◆ Material provided
———

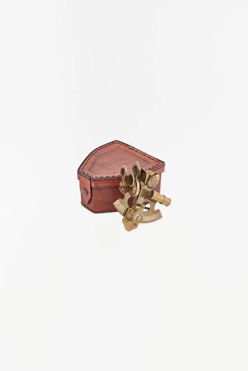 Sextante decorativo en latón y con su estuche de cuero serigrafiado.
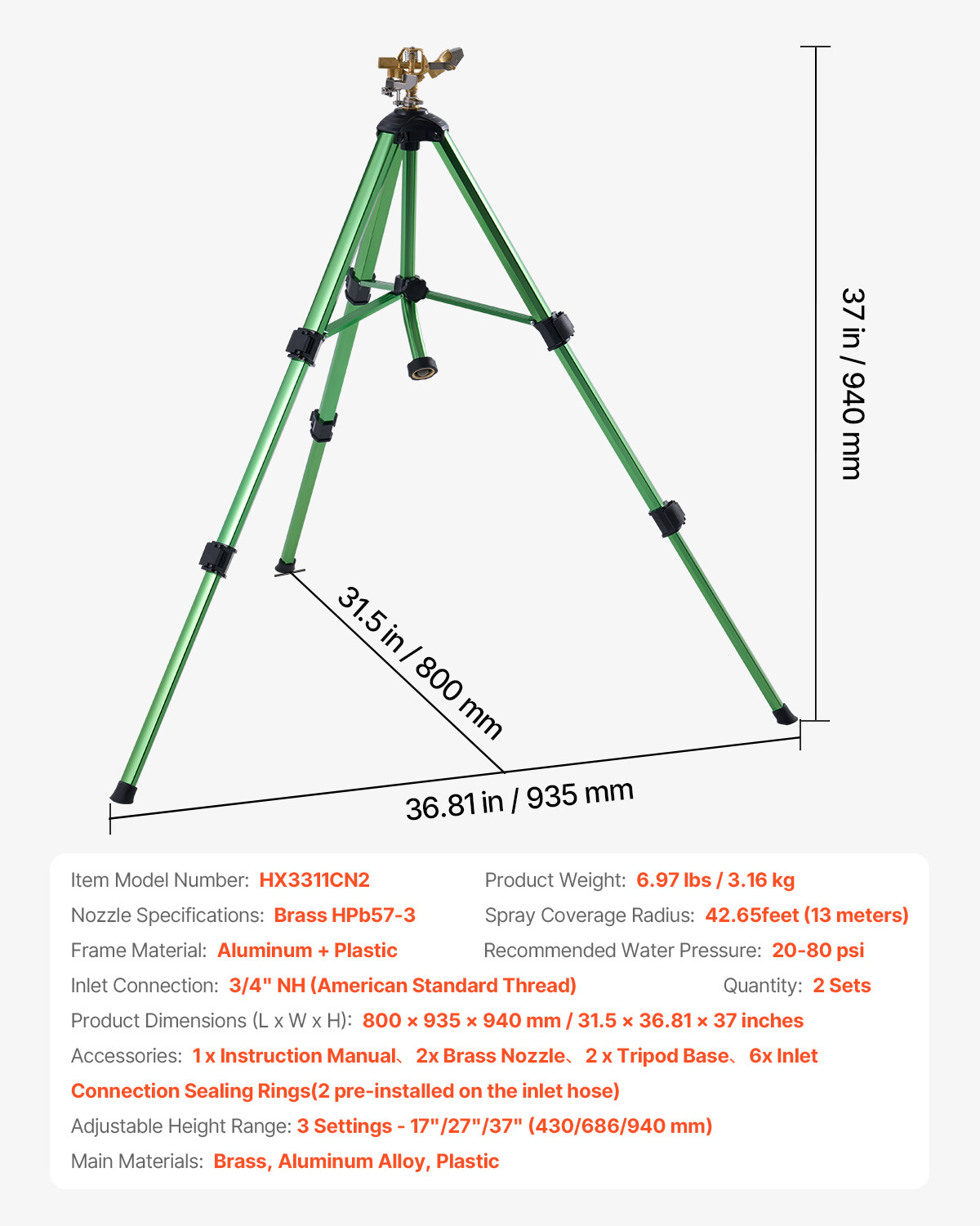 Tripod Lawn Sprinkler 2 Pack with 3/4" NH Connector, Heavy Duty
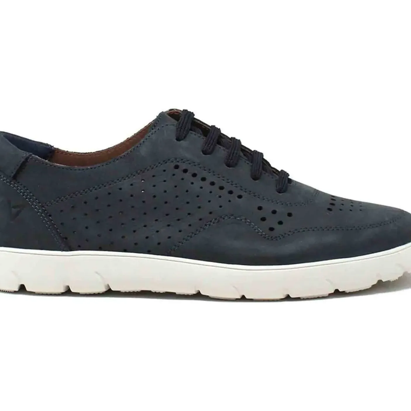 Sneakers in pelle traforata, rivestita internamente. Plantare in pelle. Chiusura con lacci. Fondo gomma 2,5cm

———

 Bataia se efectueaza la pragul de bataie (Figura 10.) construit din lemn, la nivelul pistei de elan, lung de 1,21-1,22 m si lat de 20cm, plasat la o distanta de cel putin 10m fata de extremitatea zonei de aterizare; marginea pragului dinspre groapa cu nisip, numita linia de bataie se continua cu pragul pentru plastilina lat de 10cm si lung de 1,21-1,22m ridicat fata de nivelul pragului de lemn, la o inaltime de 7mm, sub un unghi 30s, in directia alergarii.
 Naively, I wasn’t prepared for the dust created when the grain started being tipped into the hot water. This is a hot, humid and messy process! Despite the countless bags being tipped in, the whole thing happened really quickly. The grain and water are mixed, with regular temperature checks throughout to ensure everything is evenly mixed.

———

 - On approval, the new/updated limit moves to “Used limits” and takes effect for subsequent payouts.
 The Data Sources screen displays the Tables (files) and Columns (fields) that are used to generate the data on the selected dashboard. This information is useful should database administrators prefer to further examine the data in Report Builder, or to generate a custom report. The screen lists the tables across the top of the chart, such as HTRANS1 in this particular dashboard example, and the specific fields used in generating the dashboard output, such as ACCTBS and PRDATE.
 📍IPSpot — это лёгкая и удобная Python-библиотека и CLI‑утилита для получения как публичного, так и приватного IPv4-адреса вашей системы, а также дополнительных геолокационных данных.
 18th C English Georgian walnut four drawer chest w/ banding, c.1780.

———

◆ Task
Among the lines of the data, find every one that holds "This" and copy it.

◆ Finished exercise
 Naively, I wasn’t prepared for the dust created when the grain started being tipped into the hot water. This is a hot, humid and messy process! Despite the countless bags being tipped in, the whole thing happened really quickly. The grain and water are mixed, with regular temperature checks throughout to ensure everything is evenly mixed.
 The Data Sources screen displays the Tables (files) and Columns (fields) that are used to generate the data on the selected dashboard. This information is useful should database administrators prefer to further examine the data in Report Builder, or to generate a custom report. The screen lists the tables across the top of the chart, such as HTRANS1 in this particular dashboard example, and the specific fields used in generating the dashboard output, such as ACCTBS and PRDATE.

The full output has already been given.